*** Excerpted records ***
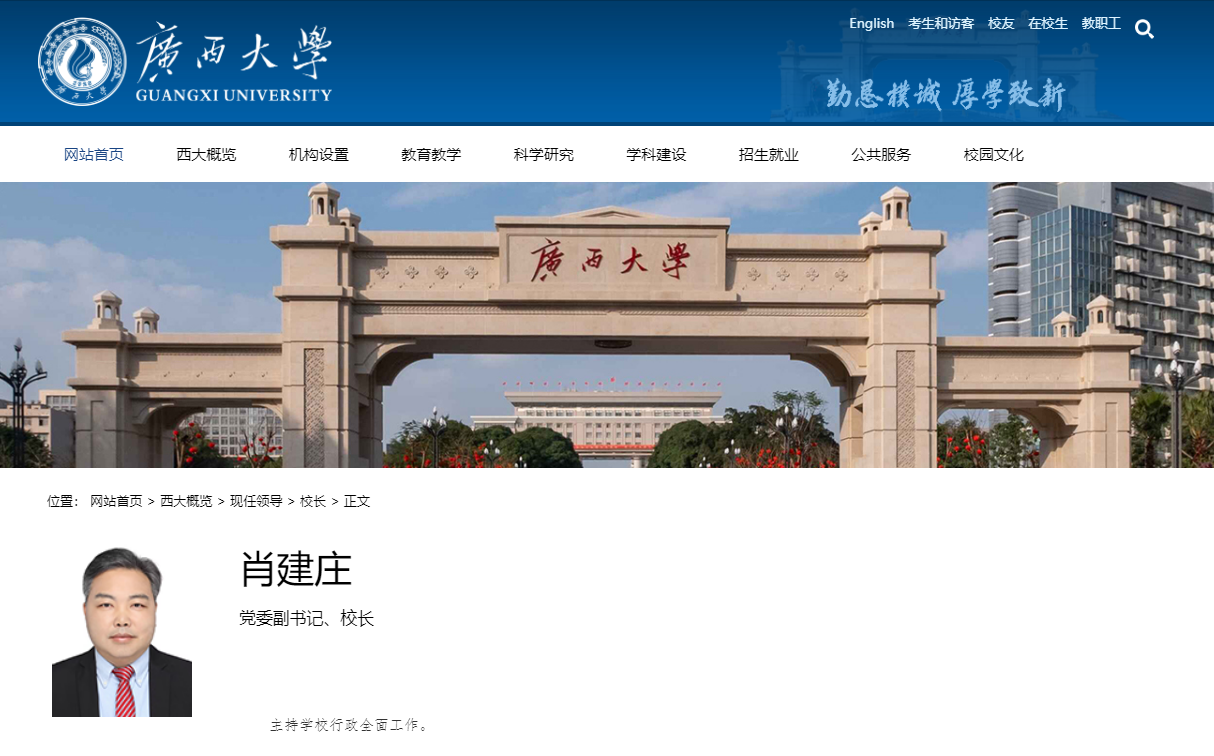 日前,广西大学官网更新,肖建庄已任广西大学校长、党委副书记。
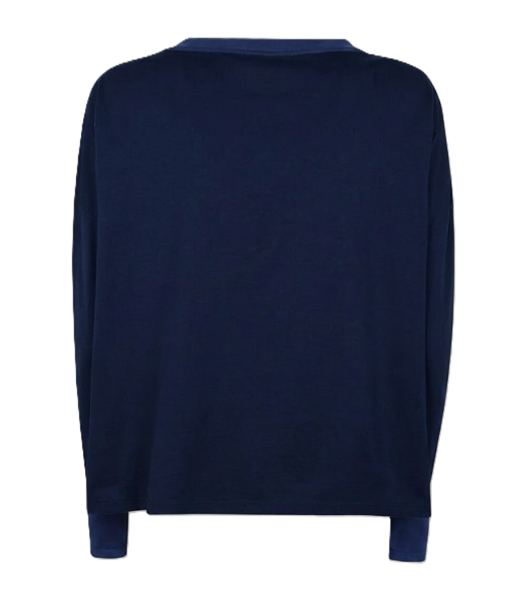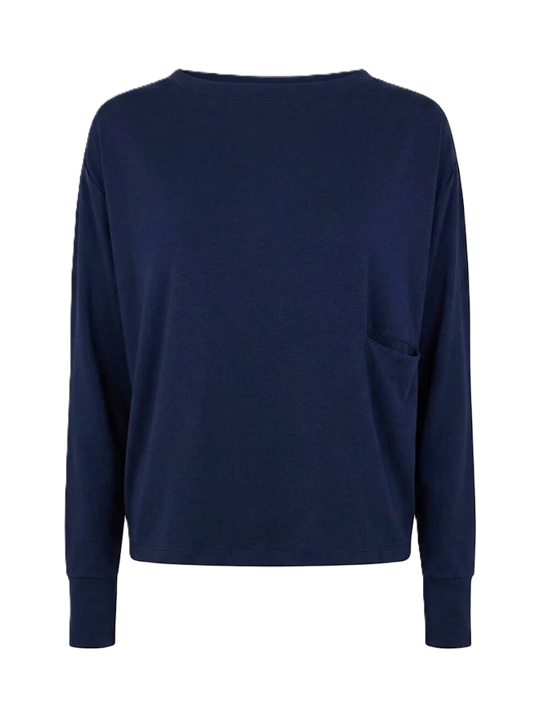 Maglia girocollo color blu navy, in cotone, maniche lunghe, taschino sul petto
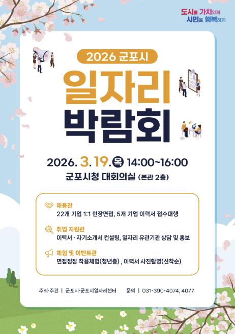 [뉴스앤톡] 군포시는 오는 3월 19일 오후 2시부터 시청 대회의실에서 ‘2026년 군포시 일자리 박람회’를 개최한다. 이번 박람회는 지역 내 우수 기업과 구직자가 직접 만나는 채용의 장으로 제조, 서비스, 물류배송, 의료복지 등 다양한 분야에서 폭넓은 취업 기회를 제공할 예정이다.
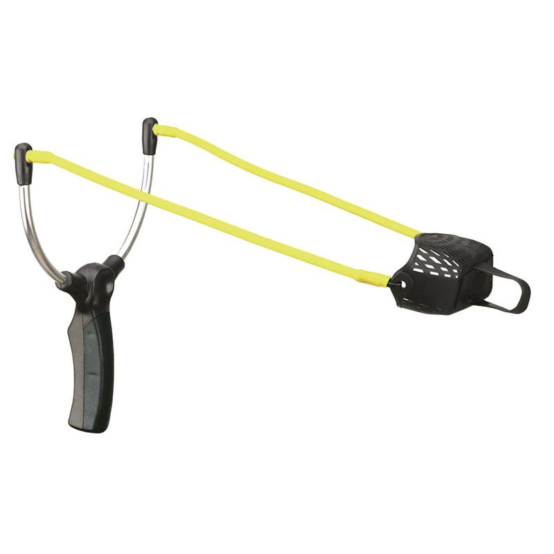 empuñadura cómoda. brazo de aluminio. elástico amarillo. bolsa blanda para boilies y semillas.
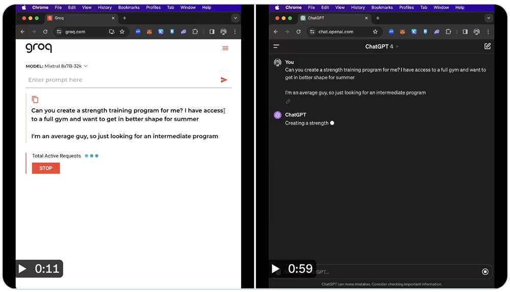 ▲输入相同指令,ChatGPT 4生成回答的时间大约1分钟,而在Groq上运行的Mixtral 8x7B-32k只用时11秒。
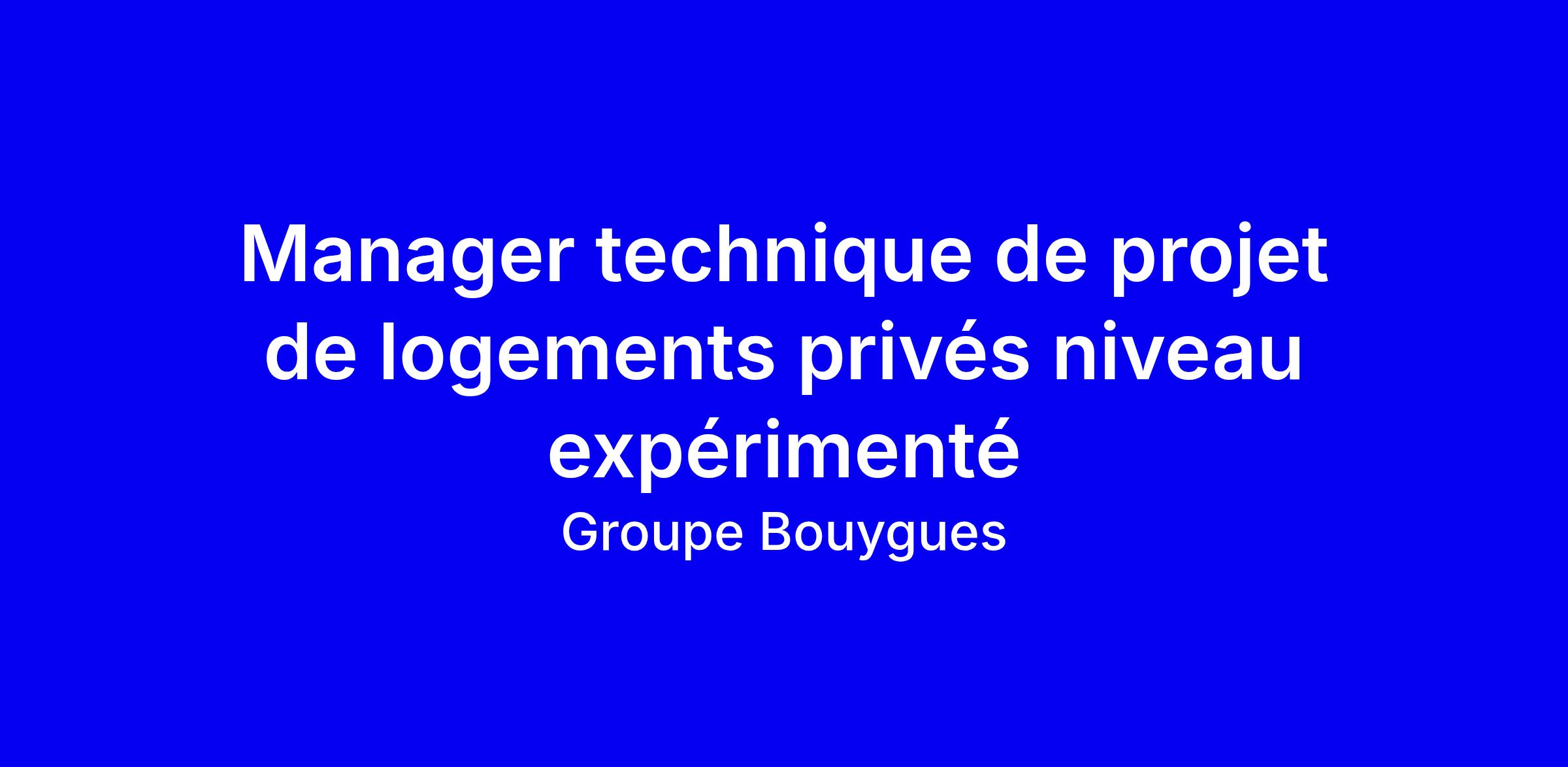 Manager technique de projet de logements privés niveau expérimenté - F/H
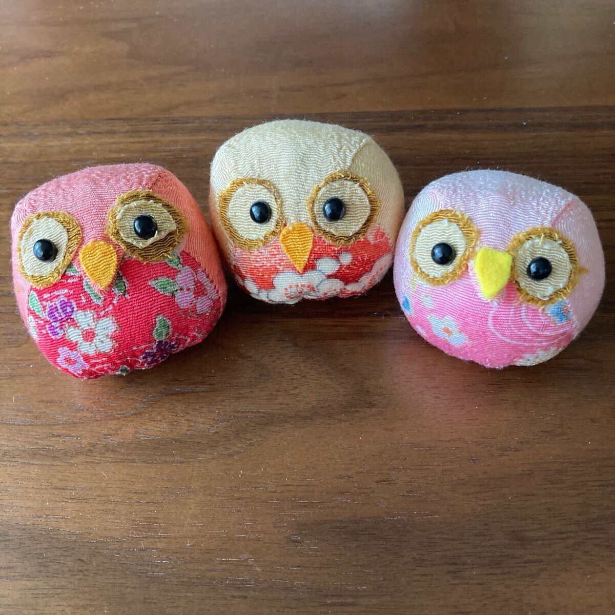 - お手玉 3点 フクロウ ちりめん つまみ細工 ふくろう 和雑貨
***
▶ _Exercise requirements_:
Starting at the line that contains "Maglia girocollo color", reproduce each line exactly through the end of the entries above, leaving every picture out.

▶ _Exercise answer_:
 Maglia girocollo color blu navy, in cotone, maniche lunghe, taschino sul petto
 [뉴스앤톡] 군포시는 오는 3월 19일 오후 2시부터 시청 대회의실에서 ‘2026년 군포시 일자리 박람회’를 개최한다. 이번 박람회는 지역 내 우수 기업과 구직자가 직접 만나는 채용의 장으로 제조, 서비스, 물류배송, 의료복지 등 다양한 분야에서 폭넓은 취업 기회를 제공할 예정이다.
 empuñadura cómoda. brazo de aluminio. elástico amarillo. bolsa blanda para boilies y semillas.
 ▲输入相同指令,ChatGPT 4生成回答的时间大约1分钟,而在Groq上运行的Mixtral 8x7B-32k只用时11秒。
 Manager technique de projet de logements privés niveau expérimenté - F/H
 - お手玉 3点 フクロウ ちりめん つまみ細工 ふくろう 和雑貨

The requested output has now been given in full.